--- What is required ---
Please give back each line of the material unchanged, but without the images.

--- Dataset excerpt ---
——————————
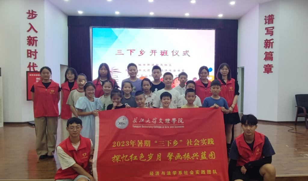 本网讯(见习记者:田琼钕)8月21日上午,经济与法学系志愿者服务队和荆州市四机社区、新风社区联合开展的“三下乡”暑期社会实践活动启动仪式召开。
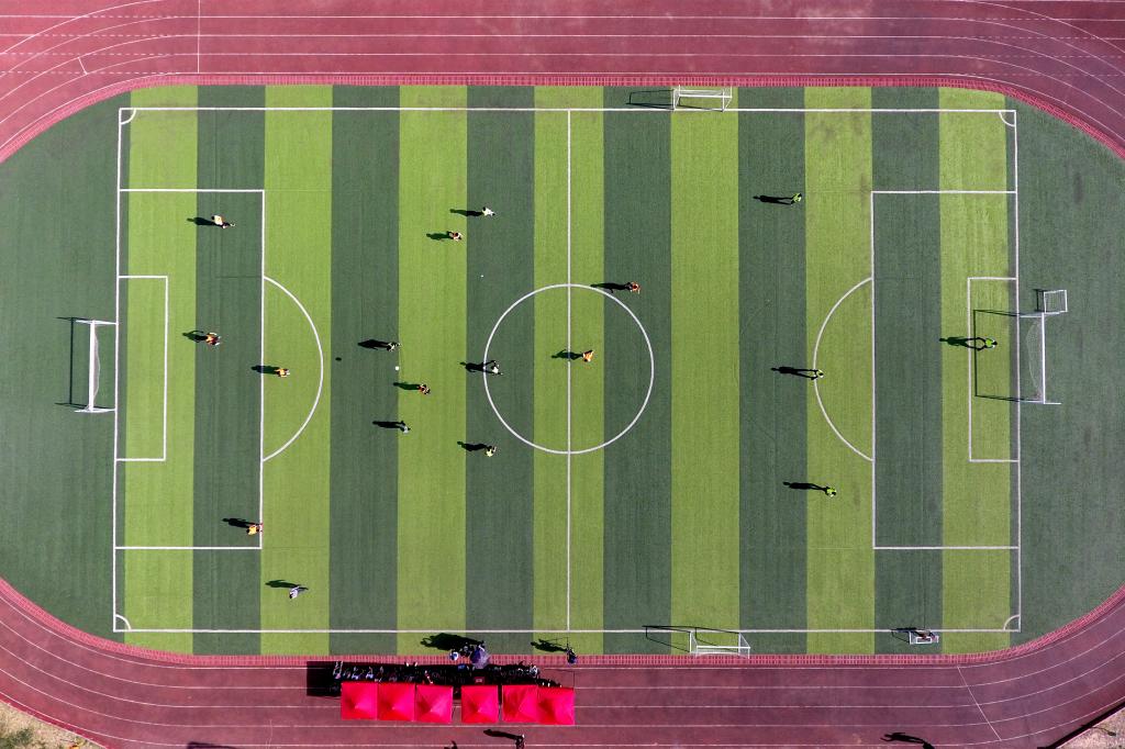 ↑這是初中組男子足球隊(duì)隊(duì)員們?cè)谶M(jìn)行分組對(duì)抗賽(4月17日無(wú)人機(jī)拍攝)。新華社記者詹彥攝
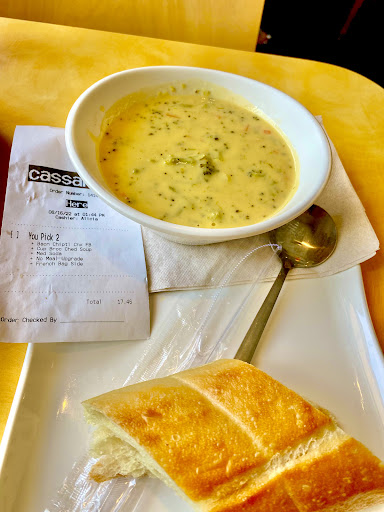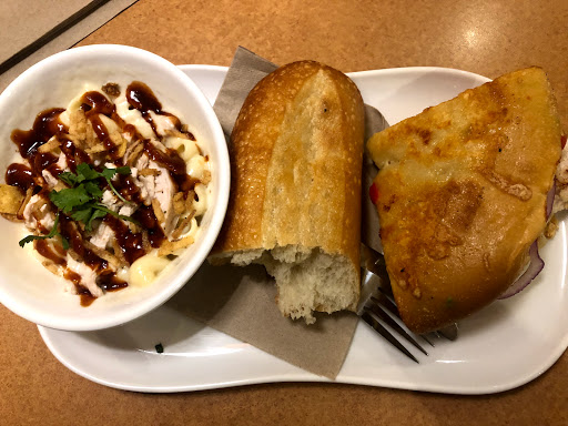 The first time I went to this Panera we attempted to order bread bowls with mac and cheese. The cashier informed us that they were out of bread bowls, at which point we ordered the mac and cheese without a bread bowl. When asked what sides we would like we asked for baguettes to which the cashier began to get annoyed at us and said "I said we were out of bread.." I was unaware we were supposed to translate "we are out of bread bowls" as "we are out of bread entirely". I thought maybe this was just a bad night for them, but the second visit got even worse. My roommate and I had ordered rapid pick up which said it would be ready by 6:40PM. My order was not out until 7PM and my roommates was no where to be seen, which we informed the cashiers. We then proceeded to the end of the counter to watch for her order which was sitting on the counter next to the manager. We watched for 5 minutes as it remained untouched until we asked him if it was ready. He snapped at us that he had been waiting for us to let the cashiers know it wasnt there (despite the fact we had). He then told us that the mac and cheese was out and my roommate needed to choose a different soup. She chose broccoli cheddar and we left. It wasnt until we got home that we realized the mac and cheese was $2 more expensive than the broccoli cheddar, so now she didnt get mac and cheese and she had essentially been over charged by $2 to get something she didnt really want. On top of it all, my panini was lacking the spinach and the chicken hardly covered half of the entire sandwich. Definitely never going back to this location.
——————————
--- Answer ---
 本网讯(见习记者:田琼钕)8月21日上午,经济与法学系志愿者服务队和荆州市四机社区、新风社区联合开展的“三下乡”暑期社会实践活动启动仪式召开。
 ↑這是初中組男子足球隊(duì)隊(duì)員們?cè)谶M(jìn)行分組對(duì)抗賽(4月17日無(wú)人機(jī)拍攝)。新華社記者詹彥攝
 The first time I went to this Panera we attempted to order bread bowls with mac and cheese. The cashier informed us that they were out of bread bowls, at which point we ordered the mac and cheese without a bread bowl. When asked what sides we would like we asked for baguettes to which the cashier began to get annoyed at us and said "I said we were out of bread.." I was unaware we were supposed to translate "we are out of bread bowls" as "we are out of bread entirely". I thought maybe this was just a bad night for them, but the second visit got even worse. My roommate and I had ordered rapid pick up which said it would be ready by 6:40PM. My order was not out until 7PM and my roommates was no where to be seen, which we informed the cashiers. We then proceeded to the end of the counter to watch for her order which was sitting on the counter next to the manager. We watched for 5 minutes as it remained untouched until we asked him if it was ready. He snapped at us that he had been waiting for us to let the cashiers know it wasnt there (despite the fact we had). He then told us that the mac and cheese was out and my roommate needed to choose a different soup. She chose broccoli cheddar and we left. It wasnt until we got home that we realized the mac and cheese was $2 more expensive than the broccoli cheddar, so now she didnt get mac and cheese and she had essentially been over charged by $2 to get something she didnt really want. On top of it all, my panini was lacking the spinach and the chicken hardly covered half of the entire sandwich. Definitely never going back to this location.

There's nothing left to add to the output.